Download (direct link):
• Rogue APs. Hackers may also place a wireless LAN AP within the operating range of a wireless LAN to impersonate a real AP. In this case, the wireless LAN adapters may be fooled into believing that the rogue AP is, in fact, a legitimate AP. The rogue AP operator, the hacker who installs a rogue AP, can easily gain authentication information from users when they authenticate themselves to the AP. Once the hacker has the user-authentication information, he or she can easily use a laptop computer to gain access to the wireless LAN.
• The best way to counter the rogue AP attack is by constantly scanning for rogue APs in the coverage area for a wireless LAN. Radio scanners can detect the periodic beacon of the APs to determine if there are any rogue APs present in the LAN.
• The insertion attacks are also known as intrusion attacks as the intruder, in this case, can easily gain access to the LAN. It is important that a good wireless LAN security policy contains primitives for detecting insertion attacks.
Hijacking Secure Socket Layer (SSL) Connections
Today, Web servers on the Internet use an encryption protocol called Secure Socket Layer (SSL) for secure data transmission over the Internet. Most financial transactions that take place over the Internet, for example stock purchases from an online stockbroker or a book purchase from an online bookseller, take place using the SSL protocol. If a Web server is connected to a wireless LAN and an intruder gets access the wireless LAN, he or she can gain access to the Web server and conduct an attack known as SSL highjacking in which an intruder gains access to the Web server and controls the data.
AP Configuration Parameters
Most APs out of the box from the factory are configured in the least secure mode possible. Adding the proper security configuration is left up to the individual setting up a wireless LAN using the equipment. For example, most APs come with a default SSID. An attacker can use these default SSIDs to attempt to penetrate base stations that are still in their default configuration. Table 12.1 shows some of the most popular APs and their default SSIDs.
Table 12.1: Popular APs and Their Default SSIDs
Cisco Corporation tsunami
3Com Corporation 101
Compaq Computer Corporation Compaq
Intel Corporation intel
Linksys Corporation linksys
NetGear Corporation Wireless
Unless the administrator of the APs understands the security risks, most of the base stations will remain at a high-risk level. A good security policy must require that the AP configuration parameters are frequently checked to ensure their proper configuration.
Client Side Configuration Risks
If wireless LAN client computers are incorrectly configured, for example if the security parameters are incorrectly configured or are modified by the user as a mistake, the client computer may reveal critical information that can be picked up by a hacker resulting in the LAN compromise. A good security policy will require that only authorized users modify the client's wireless LAN configuration.
War driving is a new activity in which hackers drive around town with a laptop computer equipped with a wireless LAN adapter and a wireless LAN signal monitoring software with the objective of locating APs and recording the GPS coordinates of the AP location. Hackers normally share maps describing the geographic locations of APs on the Internet. If a company has its AP location and information shared on the Internet, its AP becomes a potential target and increases its risk. One of the popular places to upload war driving AP maps is http://www.netstumbler.com/. It includes a visual map and a database query tool for locating various APs.

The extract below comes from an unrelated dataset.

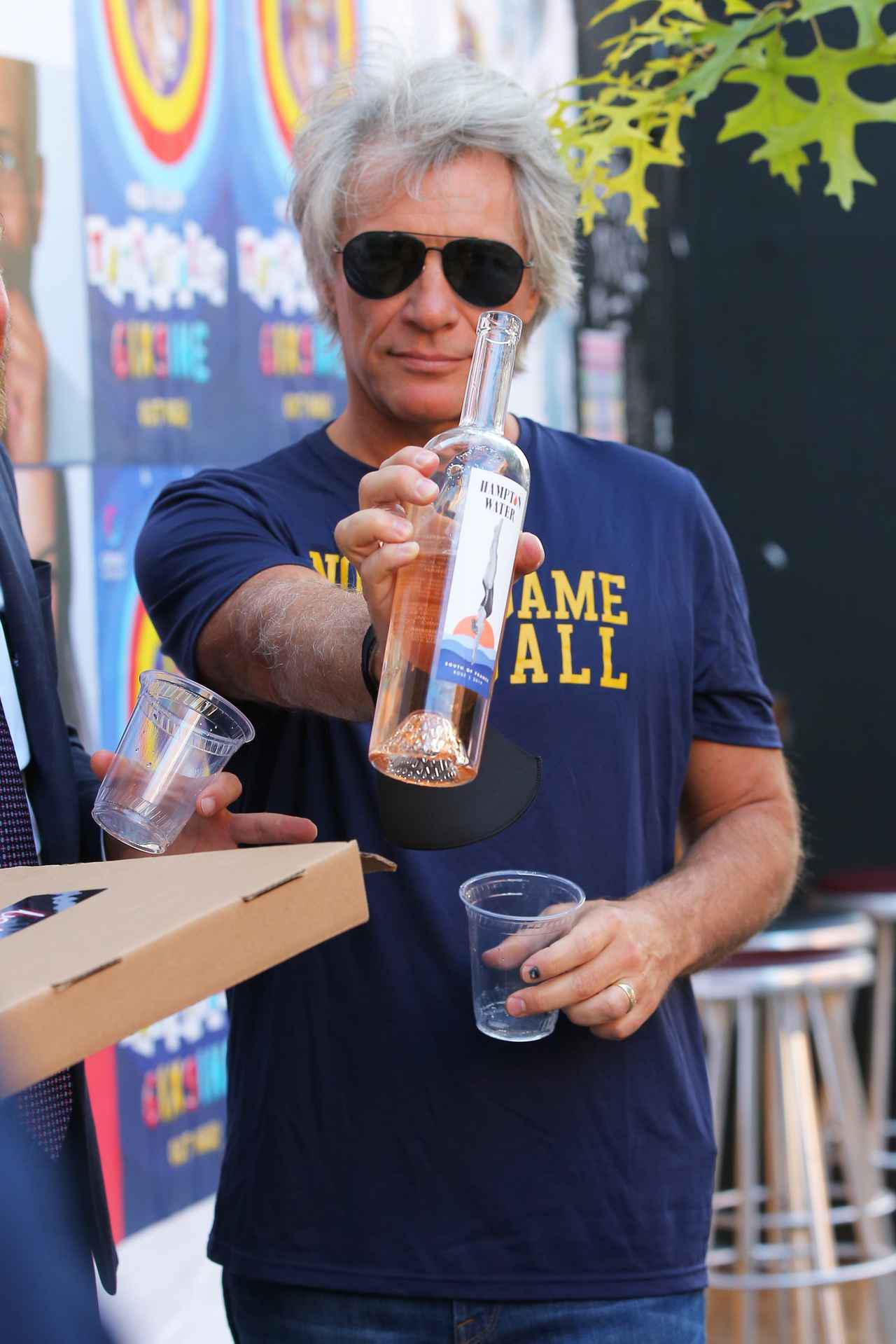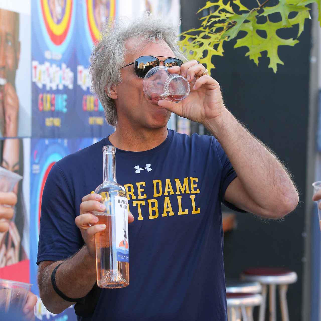 立ちながら何枚かピザを食べていたジョンだけれど、さすがに喉が渇いたようで、取り出したのは、なんと自身と息子のジェシー・ボン・ジョヴィ、そしてフランスのワインメーカー、ジェラール・ベルトランが手がけるロゼワインのブランド、ダイビング・イントゥ・ハンプトン・ウォーター。突然宣伝モードに入ったジョンは、パパラッチに向けてボトルをアピール。

A good security policy will include frequent monitoring of such Web sites and periodic change of the SSIDs of the APs.
Creating Security Policy
A carefully created wireless LAN security policy includes primitives to address most of the security requirements. Creating a security policy for a wireless LAN involves understanding your needs, following a guideline that helps you define the basic parameters that your wireless LAN security policy will enforce, and finally documenting them in an easy-to-follow document that outlines the overall security policy. In this section, we first walk you through a basic guideline that will help you create a security policy; then we show you a sample security policy that can be used as a seed document for your wireless LAN security policy document.
Wireless LAN Security Policy Guidelines
The wireless LAN security policy guidelines vary for each deployment. Following are some of the basic wireless LAN security policy guidelines that can be used to create a security policy for wireless LAN access and management.
Treat All Wireless LAN Devices as Untrusted on Your Network
You should consider all wireless LAN client computers to be untrusted, which means that you assume that any wireless LAN client equipment operating in a LAN could be a rogue computer unless authenticated. Using this primary assumption reminds you not to rely on the inadequate security primitives that many insecure wireless LANs rely upon. For example, if you consider all client computers equipped with wireless LAN adapters as insecure, you will not use MAC address-based authentication as the sole authentication mechanism.